Description (last modified by rwbarton)

The body of stg_ap_pp_fast looks like

            arity = TO_W_(StgFunInfoExtra_arity(%GET_FUN_INFO(R1)));
            ASSERT(arity > 0);
            if (arity == 1) {
                Sp_adj(-2);
                W_[Sp+WDS(1)] = R3;
                W_[Sp+WDS(0)] = stg_ap_p_info;
                R1 = R1 + 1;
                jump_SAVE_CCCS(%GET_ENTRY(UNTAG(R1)));
            }
            if (arity == 2) {
                Sp_adj(0);
                R1 = R1 + 2;
                jump %GET_ENTRY(UNTAG(R1)) [R1,R2,R3];
            } else {
                Sp_adj(-3);
                W_[Sp+WDS(2)] = R3;
                W_[Sp+WDS(1)] = R2;
                if (arity < 4) {
                  R1 = R1 + arity;
                }
                BUILD_PAP(2,2,stg_ap_pp_info,FUN);
            }

where

// Jump to target, saving CCCS and restoring it on return
#if defined(PROFILING)
#define jump_SAVE_CCCS(target)                  \
    Sp(-1) = CCCS;                              \
    Sp(-2) = stg_restore_cccs_info;             \
    Sp_adj(-2);                                 \
    jump (target) [R1]
#else
#define jump_SAVE_CCCS(target) jump (target) [R1]
#endif

So in the arity=1 case the jump amounts to

                jump (%GET_ENTRY(UNTAG(R1))) [R1]

R1 is the function to apply, but we don't pass its argument, R2!

Now, possibly by design, the calling convention of stg_ap_pp_fast is such that the first argument to apply is in R2, which is the same register that the function R1 will expect to find its argument in. So if nothing happens to disturb R2 (and possibly this is always the case with the NCG), then everything is fine. However, it's definitely not fine for the LLVM backend, which quite reasonably passes undef for the R2, R3, and R4 arguments when doing the jump. On arm/Android, LLVM decided to clobber r8 (the physical register for R2) in the body of stg_ap_ppp_fast (which has the same problems as stg_ap_pp_fast).

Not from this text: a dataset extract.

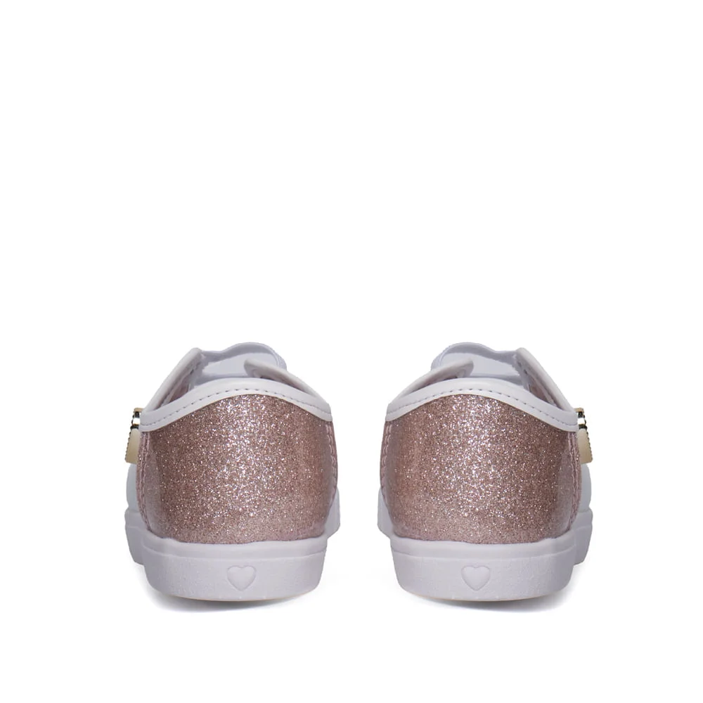 Confeccionado em napa de alta qualidade, o Tênis apresenta design moderno e versátil, com detalhe de coração na lateral, enfeite no cadarço e efeito brilho na parte traseira que deixam o visual ainda mais delicado. Ideal para usar no dia a dia ou em ocasiões especiais. Tem cadarço elástico e conta com tecnologia calce fácil. Já o solado em PVC antiderrapante oferece estabilidade a cada passo.

This caused a crash for the following program:

main = print (read "3"::Int)

when built with -debug.

This appears to have been broken by commit f9265dd369b9e269349930012c25e670248f2a09 which changed the argument list for jump_SAVE_CCCS from [*] to [R1].

Change History (25)

comment:1 Changed 3 years ago by rwbarton

Description: modified (diff)

comment:2 Changed 3 years ago by rwbarton

Description: modified (diff)

comment:3 Changed 3 years ago by simonpj

Cc: gmainland added

Sounds bad to me. Geoff, can you comment as the author of the commit Reid identifies?

comment:4 Changed 3 years ago by bgamari

Priority: highhighest

Seems like this should really be highest priority given this has the potential to cause crashes and is working by mere chance at the moment.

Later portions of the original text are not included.